I think the fix has to be applied all the way back to there (so
additionally to what you already did, it'd have to be added to 4.19,
5.4 and 5.10)?
But it doesn't seem to apply cleanly to those older branches. Paolo,
are you going to send stable backports of this?

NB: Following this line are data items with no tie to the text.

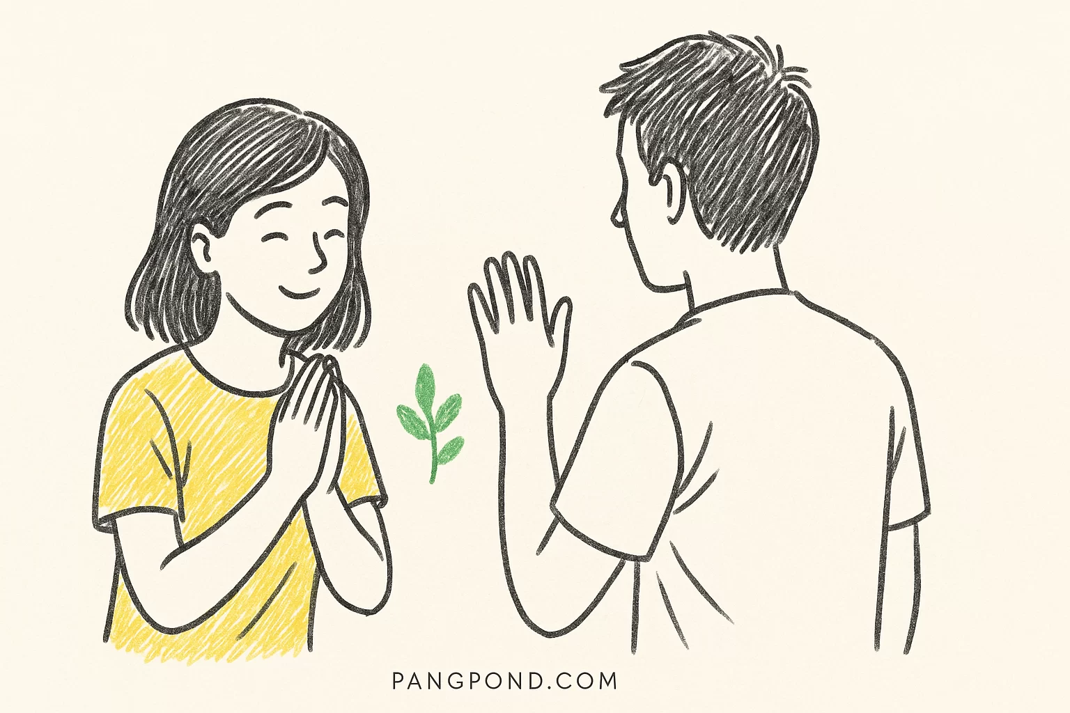 กล่าวขอบคุณและขอพรให้กันอย่างจริงใจ
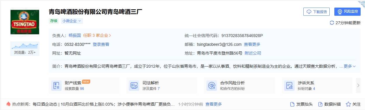 天眼查App显示,11月3日,青岛啤酒股份有限公司青岛啤酒三厂发生工商变更,负责人由刘德利变更为杨振国。青岛啤酒三厂成立于2012年2月,系青岛啤酒股份有限公司分支机构,经营范围为啤酒(熟啤酒、鲜啤酒、特种啤酒)制造。
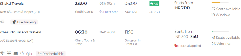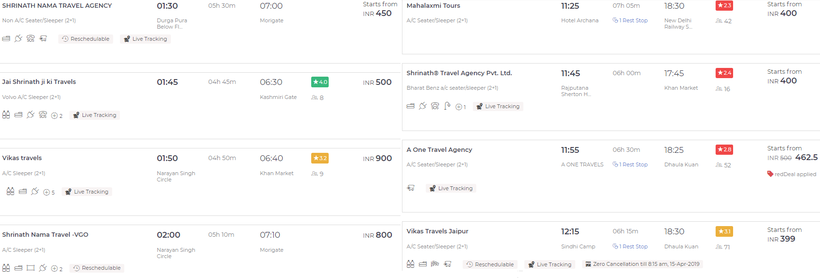 Ниже приведена информация о том, сколько часов вам потребуется, чтобы добраться от Джайпура до Дели, а также приведена примерная стоимость проезда (средняя цена билета) на том или ином виде транспорта.
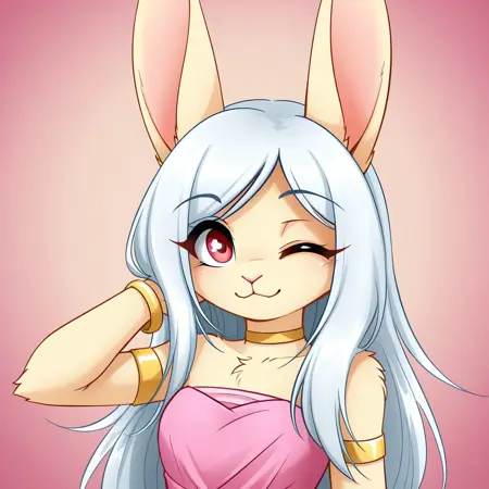 sonette_sd, 1girl, solo, rabbit_girl, long hair, animal ears, rabbit ears, white hair, furry, furry female, red eyes, animal nose, bangs, tail,
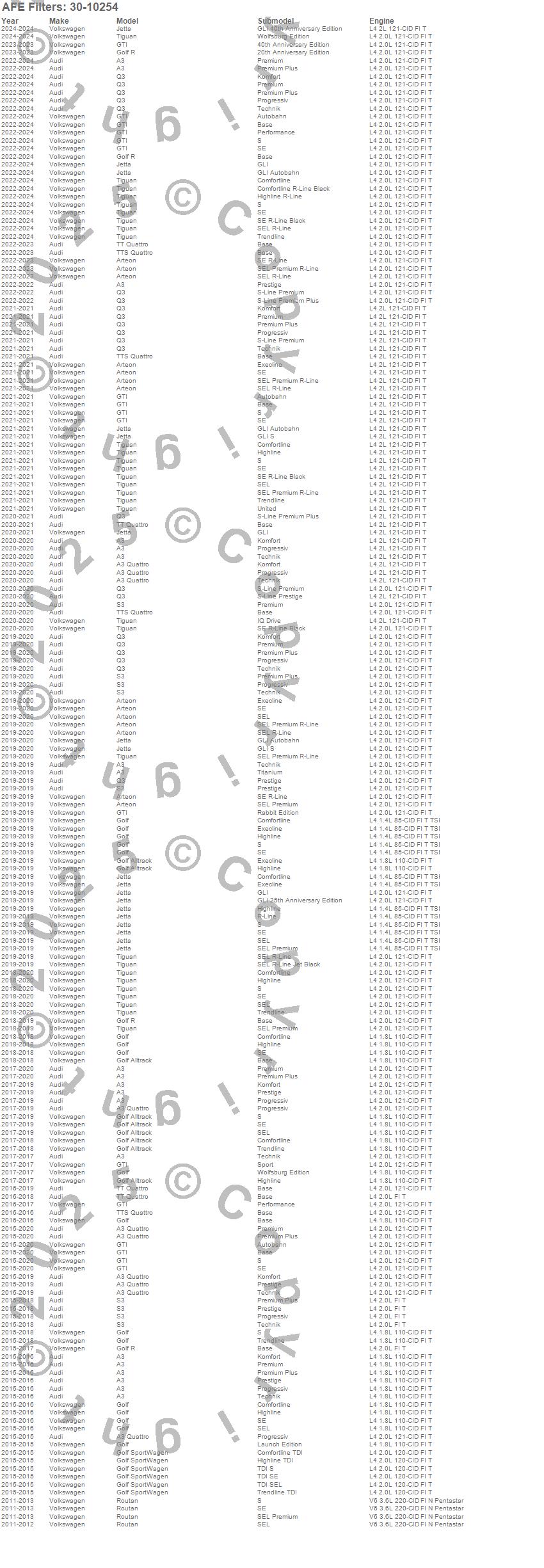Below is an abreviated list of applications for the MagnumFLOW OE Replacement PRO 5R Air Filter.
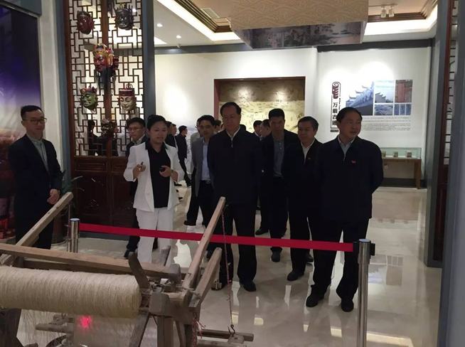 毛偉明首先視察了萬載古城文化展示中心,領(lǐng)略了當(dāng)?shù)厣詈竦拿袼?、非遺文化,并認(rèn)真聽取了集團(tuán)萬載瑞辰文化旅游發(fā)展有限公司總經(jīng)理張藜對古城項(xiàng)目的詳細(xì)介紹。
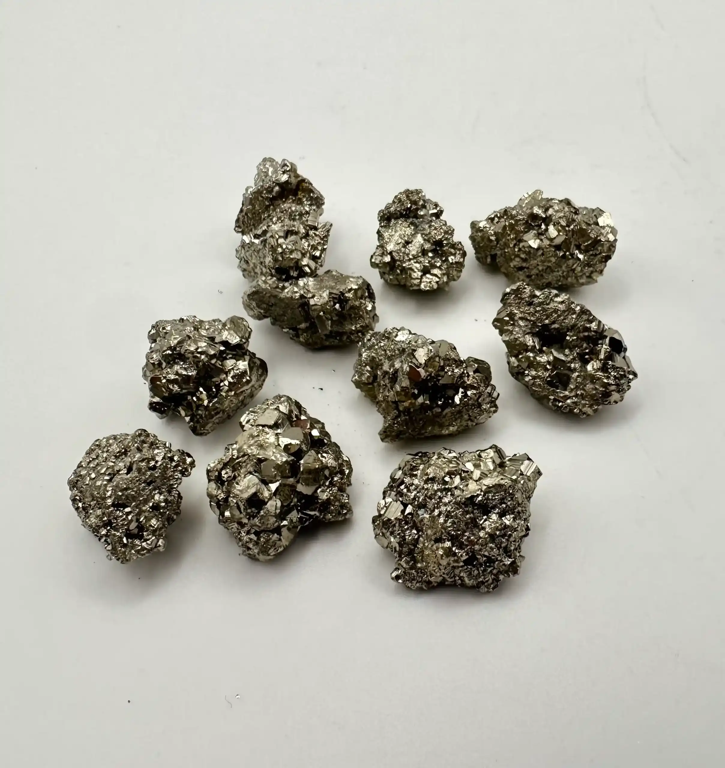 La pirita es conocida como la piedra del dinero o del éxito. Su color dorado actúa como un imán para la prosperidad económica, atraer la riqueza y evitar fugas de capital.
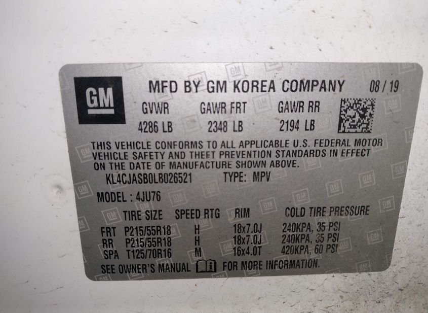 - VIN: KL4CJASB0LB026521

On Wed, Jun 15, 2022 at 4:53 PM Jann Horn <[email protected]> wrote:
>
> On Tue, Jun 14, 2022 at 4:11 AM Sasha Levin <[email protected]> wrote:
> >
> > From: Paolo Bonzini <[email protected]>
> >
> > [ Upstream commit 6cd88243c7e03845a450795e134b488fc2afb736 ]
> >
> > If a vCPU is outside guest mode and is scheduled out, it might be in the
> > process of making a memory access. A problem occurs if another vCPU uses
> > the PV TLB flush feature during the period when the vCPU is scheduled
> > out, and a virtual address has already been translated but has not yet
> > been accessed, because this is equivalent to using a stale TLB entry.
> >
> > To avoid this, only report a vCPU as preempted if sure that the guest
> > is at an instruction boundary. A rescheduling request will be delivered
> > to the host physical CPU as an external interrupt, so for simplicity
> > consider any vmexit *not* instruction boundary except for external
> > interrupts.
> >
> > It would in principle be okay to report the vCPU as preempted also
> > if it is sleeping in kvm_vcpu_block(): a TLB flush IPI will incur the
> > vmentry/vmexit overhead unnecessarily, and optimistic spinning is
> > also unlikely to succeed. However, leave it for later because right
> > now kvm_vcpu_check_block() is doing memory accesses. Even
> > though the TLB flush issue only applies to virtual memory address,
> > it's very much preferrable to be conservative.
> >
> > Reported-by: Jann Horn <[email protected]>
> > Signed-off-by: Paolo Bonzini <[email protected]>
> > Signed-off-by: Sasha Levin <[email protected]>
>
> This feature was introduced in commit f38a7b75267f1f (first in 4.16).
> I think the fix has to be applied all the way back to there (so
> additionally to what you already did, it'd have to be added to 4.19,
> 5.4 and 5.10)?
>
> But it doesn't seem to apply cleanly to those older branches. Paolo,
> are you going to send stable backports of this?
Also, I think the same thing applies for "KVM: x86: do not set
st->preempted when going back to user space"?